Stored entries

+++

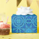 Presentpapper i ett geometriskt, akvarelleffekt-mandalamönster i nyanser av ljust till mörkt denimblått
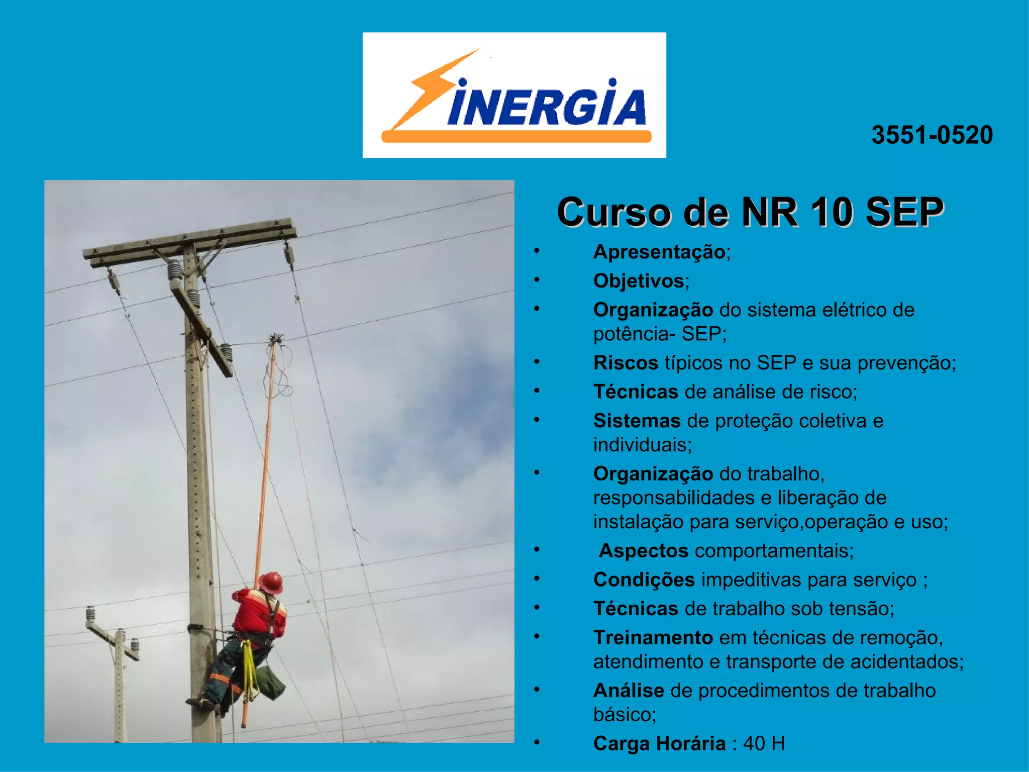 O curso de NR 10 apresenta os objetivos, riscos e técnicas de prevenção associados ao sistema elétrico de potência. Aborda tópicos como organização do sistema, análise de risco, proteções coletivas e individuais, organização do trabalho, condições de serviço e treinamento em remoção de acidentados. Tem duração de 40 horas.
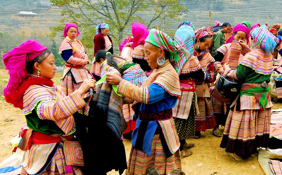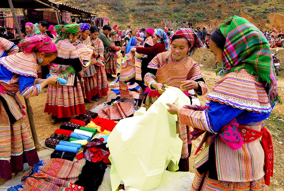 Giữa mùa Xuân, đến với phiên chợ vùng cao Tây Bắc du khách sẽ được chiêm ngưỡng vẻ đẹp của những cô gái Lô Lô, Hà Nhì, Mông... xúng xính trong bộ váy áo mới , màu sắc rực rỡ, gương mặt tươi vui, xinh xắn, trắng trẻo xuống chợ.
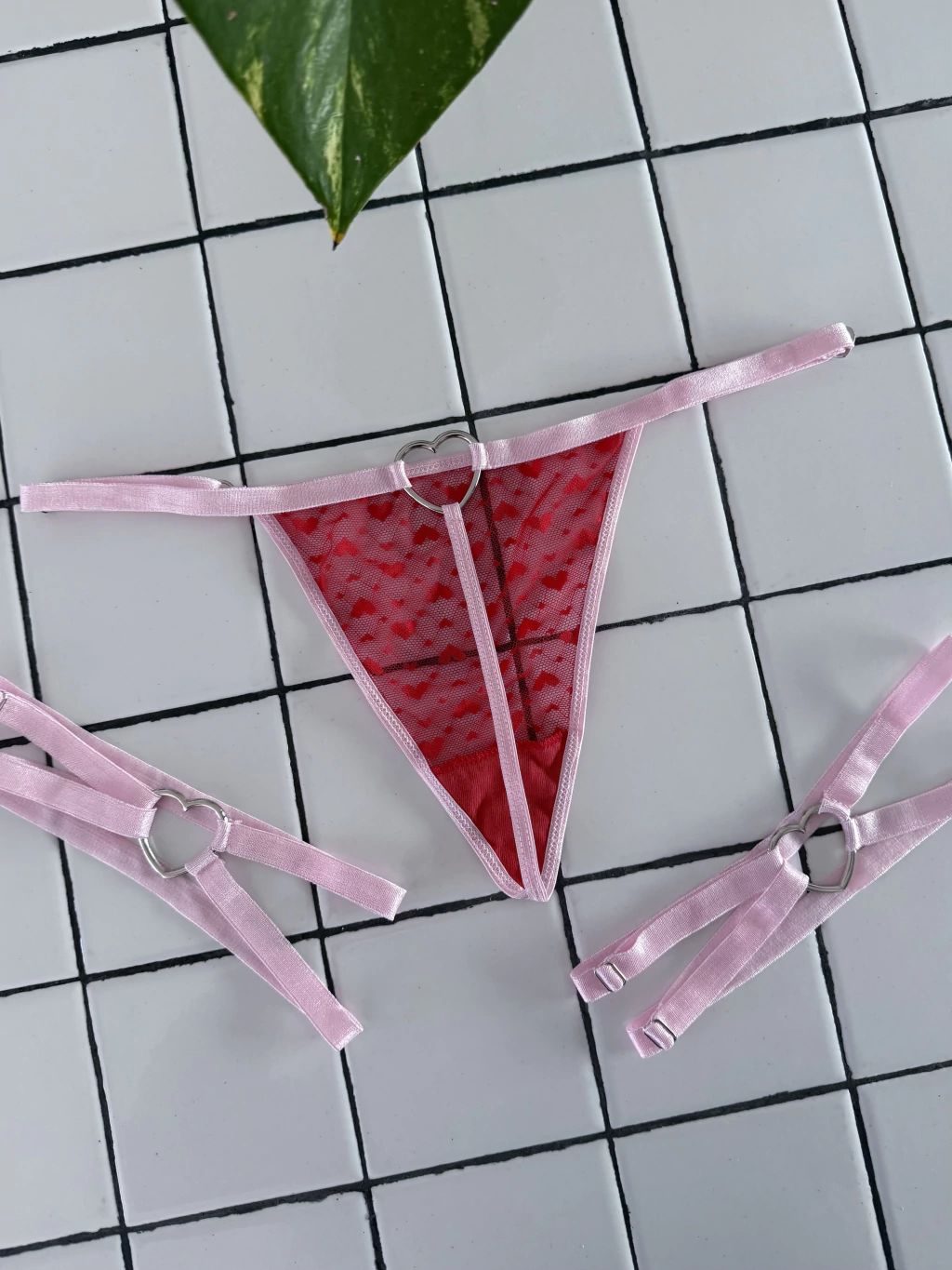 Tanga hilo dental tiro medio de plumetti corazones. Breteles rasados y reguladores corazón. Avío corazón en espalda. Talle único regulable del XS al XL. Refuerzo 100% algodón.
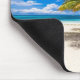 Dieses Foto kennzeichnet eine Palme, die allein auf einem weißen sandigen Strand stehend ist.
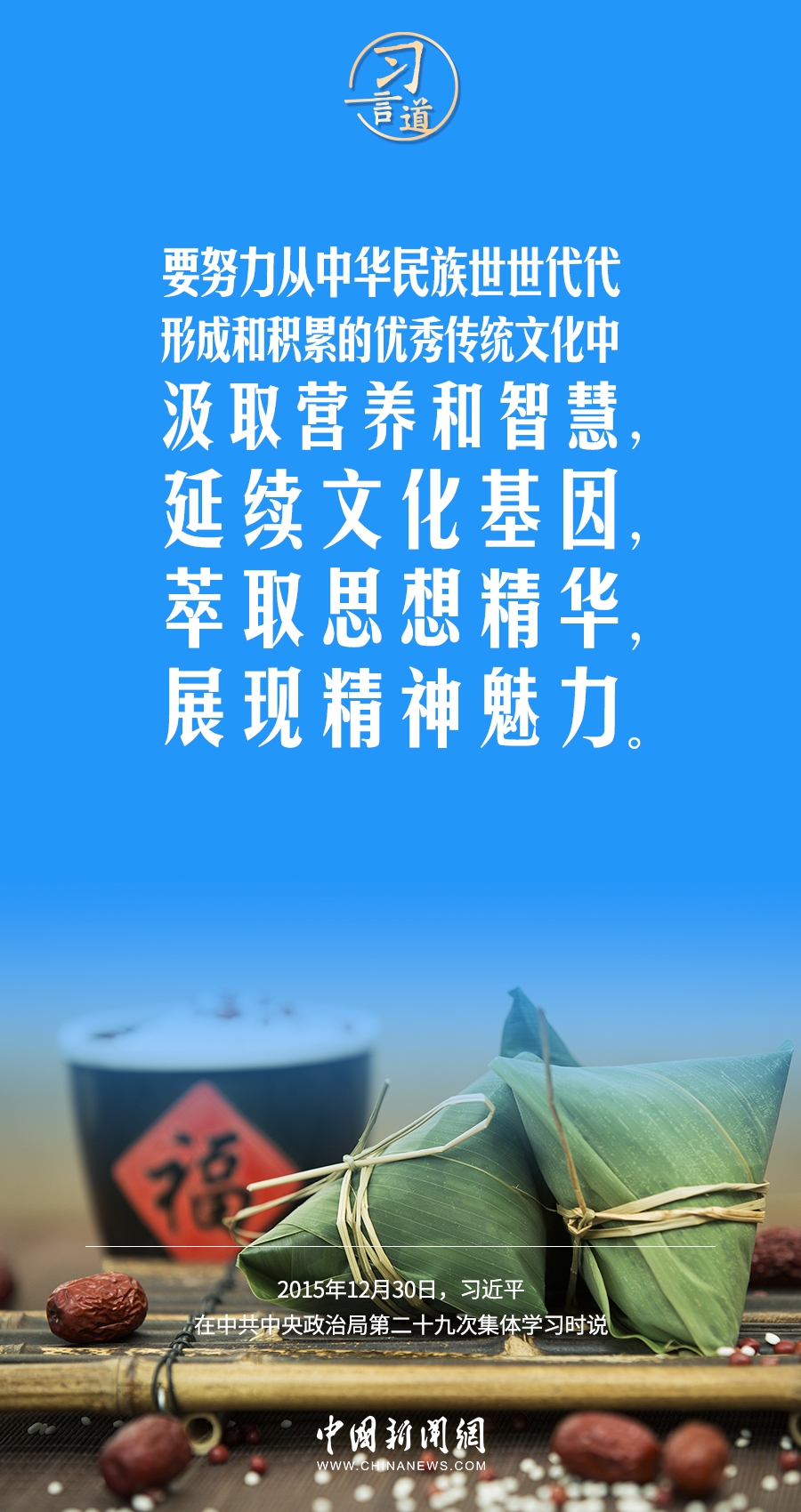 又是一年端午到。端午节凝结着博大精深的中华优秀传统文化。几千年来,中华民族血液中流淌的家国情怀代代相传。习近平总书记曾多次引用屈原的诗句,强调家国情怀。
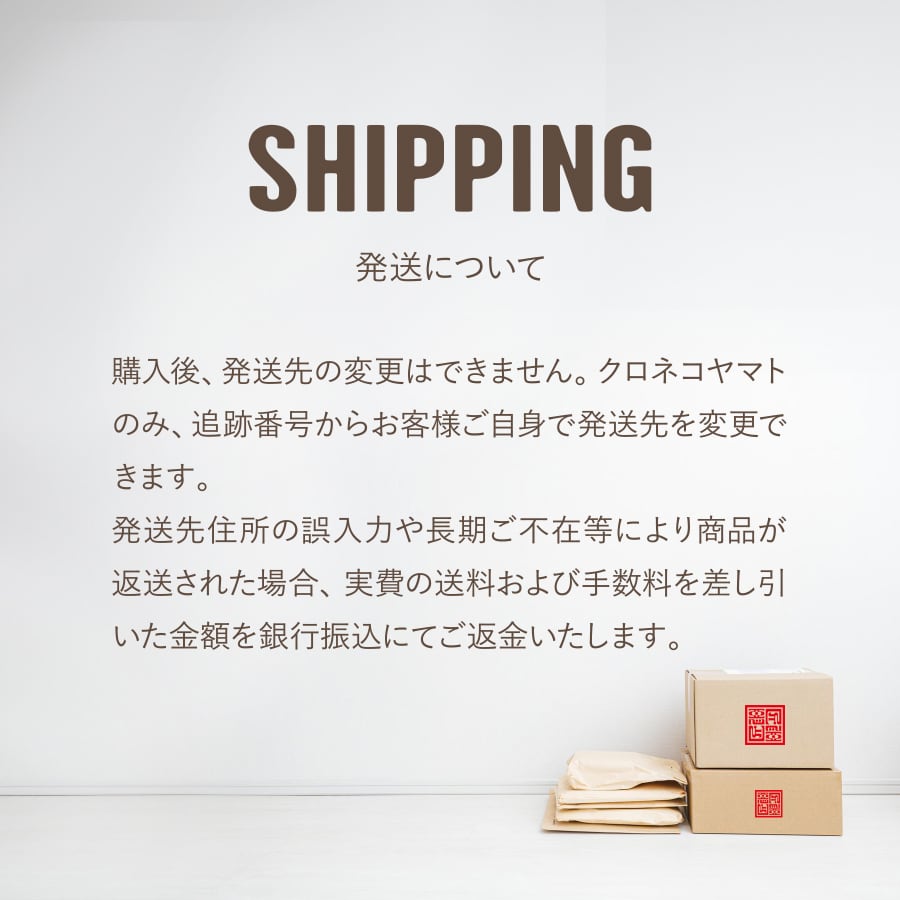 ・購入後の発送先変更は受け付けておりません。

+++

Assigned task: In your copy of the entries above, keep the text exact and leave out the pictures.

Finished task:
 Presentpapper i ett geometriskt, akvarelleffekt-mandalamönster i nyanser av ljust till mörkt denimblått
 O curso de NR 10 apresenta os objetivos, riscos e técnicas de prevenção associados ao sistema elétrico de potência. Aborda tópicos como organização do sistema, análise de risco, proteções coletivas e individuais, organização do trabalho, condições de serviço e treinamento em remoção de acidentados. Tem duração de 40 horas.
 Giữa mùa Xuân, đến với phiên chợ vùng cao Tây Bắc du khách sẽ được chiêm ngưỡng vẻ đẹp của những cô gái Lô Lô, Hà Nhì, Mông... xúng xính trong bộ váy áo mới , màu sắc rực rỡ, gương mặt tươi vui, xinh xắn, trắng trẻo xuống chợ.
 Tanga hilo dental tiro medio de plumetti corazones. Breteles rasados y reguladores corazón. Avío corazón en espalda. Talle único regulable del XS al XL. Refuerzo 100% algodón.
 Dieses Foto kennzeichnet eine Palme, die allein auf einem weißen sandigen Strand stehend ist.
 又是一年端午到。端午节凝结着博大精深的中华优秀传统文化。几千年来,中华民族血液中流淌的家国情怀代代相传。习近平总书记曾多次引用屈原的诗句,强调家国情怀。
 ・購入後の発送先変更は受け付けておりません。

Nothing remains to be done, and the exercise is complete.